M13mp18 viral DNA (both single-stranded and double-stranded; catalog no. N4040S and N4018S, respectively) and M13 forward (5′-GTTTTCCCAGTCACGAC-3′) and reverse sequencing primers (5′-AACAGCTATGACCATG-3′) were from New England Biolabs (Hitchin, UK). Methicillin-resistant Staphylococcus aureus (MRSA) plasmids were purified from a solution prep of S. aureus TW20 using a Qiagen (Crawley, UK) Plasmid Midi Kit with Qiagen Genomic-tip 100/G following the manufacturer's “very low-copy plasmid/cosmid purification protocol” from a 500 ml culture. Plasmid Safe DNase (Epicentre Biotechnologies, Madison, WI, USA) was used to reduce the amount of linear single- and double-stranded molecules from the TW20 plasmid prep. Random hexamer primers from Roche (Welwyn Garden City, UK) were used, as provided in the Transcriptor First Strand cDNA Synthesis Kit. pET28a plasmid vectors encoding EcoDamI methyltransferase (Dam constructs) expressed in dam-/dcm Escherichia coli cells, were prepared in-house. Components from the DNA/ Polymerase Binding Kit 2.0 from Pacific Biosciences were used during the annealing and binding reactions. The Annealing and Binding Calculator (version 1.3.1) provided by Pacific Biosciences was used to calculate the concentration of bound complex to be loaded onto the sample plate for the instrument. An MJ PTC-225 thermocycler from MJ Research (Watertown, MA, USA) was used for the annealing and binding reactions. The PacBio DNA Sequencing Kit 2.0 (8Rxn) and SMRT Cell 8Pac v2 (8 Cells) were used for sequencing. Sequence analysis was performed with SMRT portal, SMRT pipe, and SMRT View, version 1.3.1, and Motif Finder, version 0807, all from Pacific Biosciences.

Annealing reaction

Standard library preparation was omitted; the DNA templates were used directly in the annealing reaction. For each experiment, a quantity of DNA between 1 ng and 100 ng was annealed with suitable primers. With ssDNA, the annealing reaction used the standard PacBio protocol; i.e., 2 min at 80°C followed by cooling at 0.1°C/s to 25°C. With dsDNA, a different annealing protocol was used; the reaction was heated to 95°C for 5 min, then immediately snap-cooled on wet ice. As an example, when using ds M13mp18 DNA, 2.2 µL of DNA at 46 ng/µl (∼100 ng), 0.9 µL PacBio Primer Buffer (10×), and both 0.9 µL forward primer (10 µM) and 0.9 µLreverse primer (10 µM) were mixed in a final annealing reaction volume of 9 µL. The final concentration of DNA template was therefore ∼2.5 nM, with 1000 nM primer (∼400×). In order to use the PacBio Annealing and Binding calculator, we assumed that denatured M13mp18 DNA is comparable to a SMRT bell, with half the original double-stranded M13mp18 molecule's nominal length; i.e., one double-stranded 7.2-kb molecule, when denatured, becomes two 3.6 kb SMRT bells. A 2-fold dilution series of DNA was used to create additional annealing reactions in the range of 0.8-100 ng of DNA. There was a massive excess of forward and reverse primers at the lower concentrations of DNA in these reactions.
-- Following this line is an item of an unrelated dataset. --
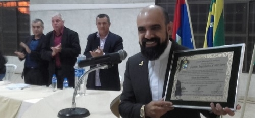 O padre Nilson Reis Gonçalves recebeu nesta terça-feira o título de Cidadão Honorário de Janiópolis. A entrega foi feita em sessão solene com a presença de cinco dos nove vereadores. A homenagem foi proposta pelo vereador José Cláudio Prado. O ex-prefeito Lola Poera prestigiou o evento. Padre Nilson atualmente atua na paróquia do Lar Paraná, em Campo Mourão.

Binding reaction, loading, and sequencing

In the binding reaction, the ratio of polymerase to template DNA used was 3:1. First, 1.5 µL of polymerase (1600 nM) was combined with 25 µL of binding buffer giving a 90 nM polymerase solution. Four µl of a 1:1:1 DTT:dNTP:binding buffer mix (each from the PacBio Binding Kit) was added to the annealed template DNA and 1.5 µL of 90 nM polymerase was added. This was mixed gently by pipetting and then incubated at 30°C for 4 h.

The bound complex was loaded at 1 nM onto the instrument. Typically this is achieved by diluting the bound complexes with a mixture of 1:10 DTT:Complex Dilution Buffer. In this experiment, however, it was only possible to achieve a 1 nM loading concentration for the samples containing 100 ng and 50 ng input DNA. For the other samples in the 2-fold dilution series, the calculated concentration was <1 nM before dilution. The total volume of 14.6 µL of binding reaction was therefore loaded directly into the sample plate wells for each of these dilute samples.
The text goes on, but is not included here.